Aziz Alghashian, a researcher on Saudi foreign policy and its ties with Israel, said the kingdom is “undergoing a change in its relationship with Islam.”
“It is not sidelining it, but making it more moderate and more tolerant of others. Before, the religious discourse was not overly tolerant because Saudi Arabia was not exposed to globalization as it is today… It is clear that this is changing, and it is also clear that it will take time.”
Alghashian said the amendments in the Saudi textbooks are subtle and don’t suggest a major transition towards acceptance of Israel.
“Some in Israel want to see normalization with Saudi so badly that any interaction about Israel will be framed as something positive towards normalization,” he said.
The changes suggest that “Saudis perhaps have a better understanding of Israel,” he told CNN. “The general understanding of Israel in the Arab world and Saudi Arabia is misunderstood and not nuanced,” he said, adding that that may be changing “which is certainly a positive thing.”
The Joe Biden administration has been pushing Saudi Arabia to normalize ties with Israel, to build on the Abraham Accords that had four Arab nations recognize the Jewish state in a major foreign policy feat for President Donald Trump in 2020.
Saudi Arabia opened its airspace to Israeli airlines for the first time last year but has insisted that no normalization will occur before a Palestinian state is established.
Normalization continues to be a taboo among Arab publics. An opinion poll conducted last year by the Arab Center Washington DC found that 84% of Arabs surveyed disapprove of their countries’ recognition of Israel. In Saudi Arabia, support for normalization stood at 5%.
Elie Podeh, a professor at the Department of Islamic and Middle Eastern Studies at Hebrew University, who has extensively studied educational systems in the region, said the changes are part of a “very long process” of moderation.

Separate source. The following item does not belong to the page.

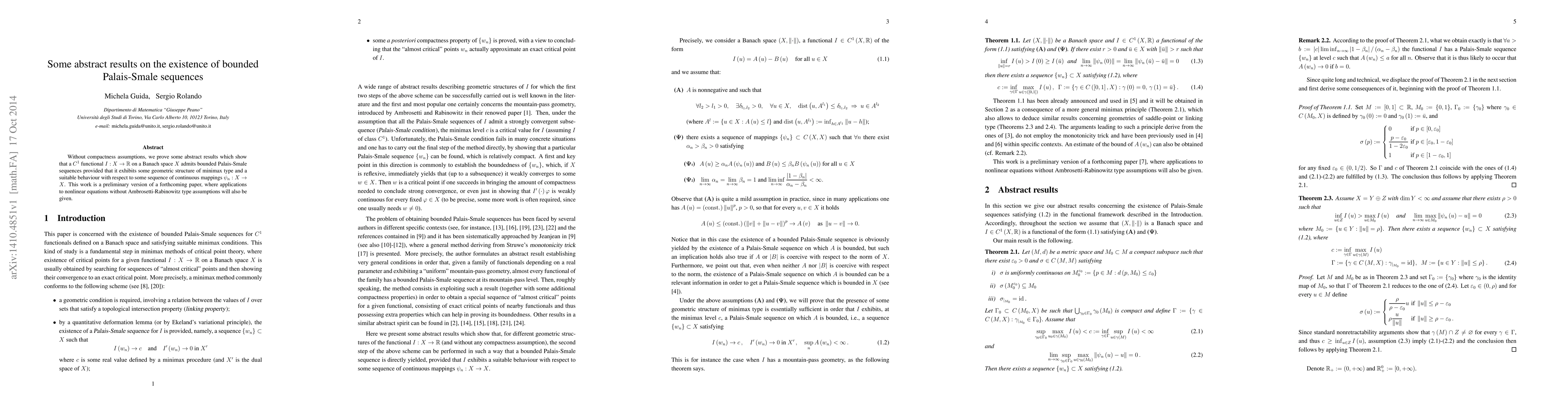 This paper proves abstract results showing that a $C^{1}$ functional on a Banach space can have bounded Palais-Smale sequences under certain geometric minimax conditions and specific behaviors of a sequence of continuous mappings, without requiring compactness assumptions. Future work will apply these results to nonlinear equations without Ambrosetti-Rabinowitz assumptions.

“It’s not a coincidence. It is a kind of a policy from above and I think that if you combine the two trends, fighting extremism and the other one is, Israel gradually being more accepted as a player in the Middle East. Then you can understand why we are seeing those changes in the education system,” Podeh said.
But even the deletion of an entire chapter on the Palestinian cause does not mean the Saudi government will suddenly stop caring.
“Obviously they are not negating, they are supporting the Palestinian issue. It’s not that they suddenly they will go in one direction and will neglect the other one. No, no way,” Podeh said.
But Podeh and the other experts all agreed: public perceptions of Israel will be shaped by much more than textbooks.
“If you were to ask me something like 20 years ago, I will say (textbooks have) a lot of impact… But today, social media, and so many socialization instruments to some extent minimize the role of the textbook,” Podeh said.
Diwan noted that textbooks are important, but “people’s views are impacted by media messaging, by global events, and by personal experiences. Not all of these are in the control of the state.”